Exercise aim >>
A word-for-word copy of the data, with no images, is the required answer.

Material provided >>
======
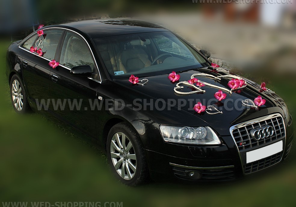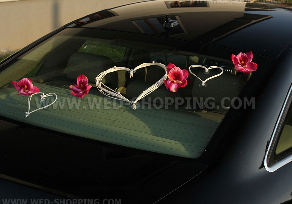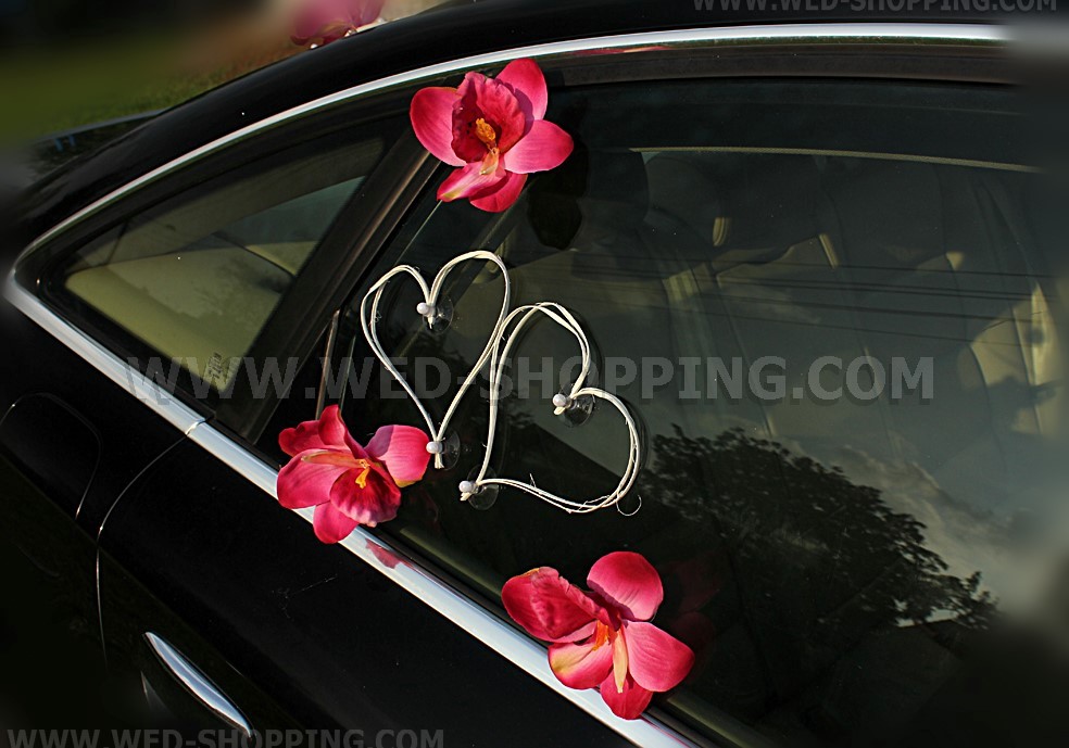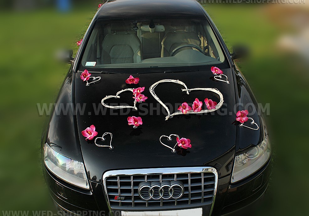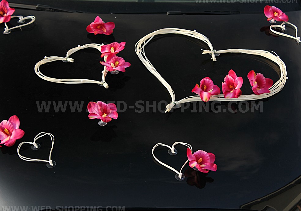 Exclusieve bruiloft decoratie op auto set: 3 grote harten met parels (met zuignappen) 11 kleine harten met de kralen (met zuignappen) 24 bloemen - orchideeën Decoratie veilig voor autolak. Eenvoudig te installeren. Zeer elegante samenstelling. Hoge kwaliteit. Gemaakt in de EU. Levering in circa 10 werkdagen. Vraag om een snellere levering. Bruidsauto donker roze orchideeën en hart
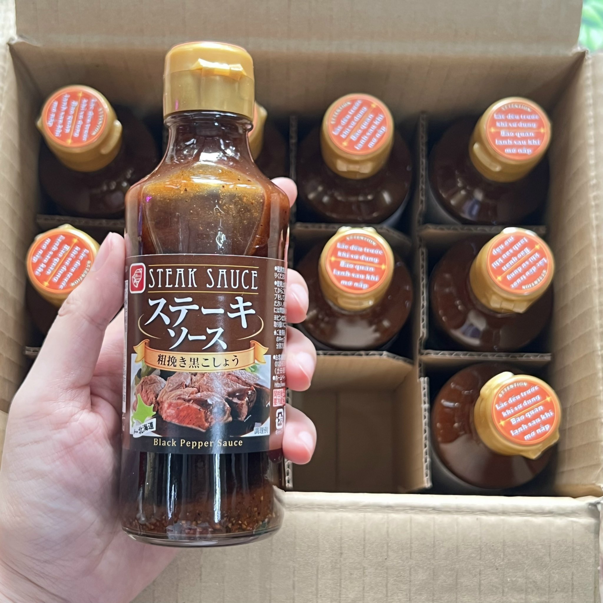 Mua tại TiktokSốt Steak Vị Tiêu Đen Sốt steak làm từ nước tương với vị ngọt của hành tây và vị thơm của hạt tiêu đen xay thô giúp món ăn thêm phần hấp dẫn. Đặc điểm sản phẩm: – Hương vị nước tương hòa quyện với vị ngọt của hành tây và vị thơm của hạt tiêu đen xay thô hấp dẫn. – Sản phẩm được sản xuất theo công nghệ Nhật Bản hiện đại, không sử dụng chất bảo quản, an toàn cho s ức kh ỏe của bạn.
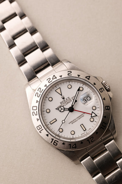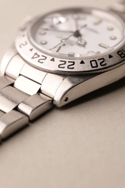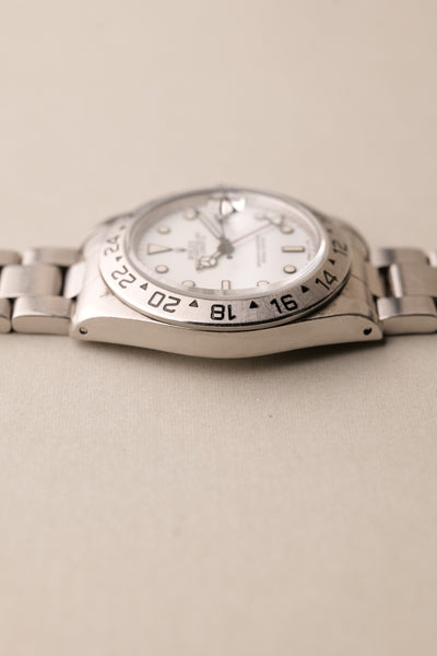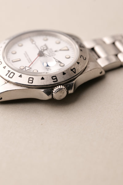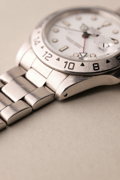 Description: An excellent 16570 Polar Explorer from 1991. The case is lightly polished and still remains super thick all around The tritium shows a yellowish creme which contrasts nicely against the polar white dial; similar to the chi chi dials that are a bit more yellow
======
Answer to this task >>
 Exclusieve bruiloft decoratie op auto set: 3 grote harten met parels (met zuignappen) 11 kleine harten met de kralen (met zuignappen) 24 bloemen - orchideeën Decoratie veilig voor autolak. Eenvoudig te installeren. Zeer elegante samenstelling. Hoge kwaliteit. Gemaakt in de EU. Levering in circa 10 werkdagen. Vraag om een snellere levering. Bruidsauto donker roze orchideeën en hart
 Mua tại TiktokSốt Steak Vị Tiêu Đen Sốt steak làm từ nước tương với vị ngọt của hành tây và vị thơm của hạt tiêu đen xay thô giúp món ăn thêm phần hấp dẫn. Đặc điểm sản phẩm: – Hương vị nước tương hòa quyện với vị ngọt của hành tây và vị thơm của hạt tiêu đen xay thô hấp dẫn. – Sản phẩm được sản xuất theo công nghệ Nhật Bản hiện đại, không sử dụng chất bảo quản, an toàn cho s ức kh ỏe của bạn.
 Description: An excellent 16570 Polar Explorer from 1991. The case is lightly polished and still remains super thick all around The tritium shows a yellowish creme which contrasts nicely against the polar white dial; similar to the chi chi dials that are a bit more yellow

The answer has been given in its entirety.